*PROBLEM*. With pictures excluded, repeat exactly the lines from the one containing "WHITE FRONT LOAD" through the last line of the material below.

*SUPPLIED DATA*.
◆ ◆ ◆ ◆

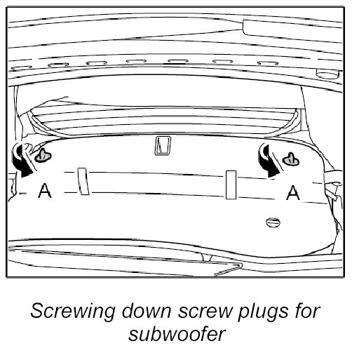 4. Screw down the subwoofer screw plugs on the left and right -A-.
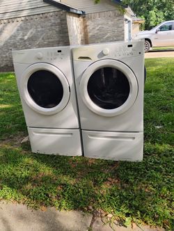 WHITE FRONT LOAD WASHER AND DRYER SET WITH PEDESTAL .$500Houston, TX
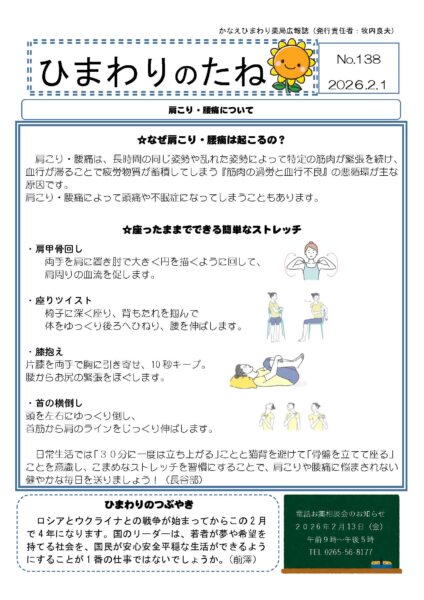ひまわりのたね2026年2月号 投稿日:2026年02月06日 カテゴリー:ひまわりのたね from:nono 今回は、肩こり・腰痛についてです。 座ったままできるストレッチになっているので、是非実践してみてください!

◆ ◆ ◆ ◆

*EXERCISE RESPONSE*.
 WHITE FRONT LOAD WASHER AND DRYER SET WITH PEDESTAL .$500Houston, TX
ひまわりのたね2026年2月号 投稿日:2026年02月06日 カテゴリー:ひまわりのたね from:nono 今回は、肩こり・腰痛についてです。 座ったままできるストレッチになっているので、是非実践してみてください!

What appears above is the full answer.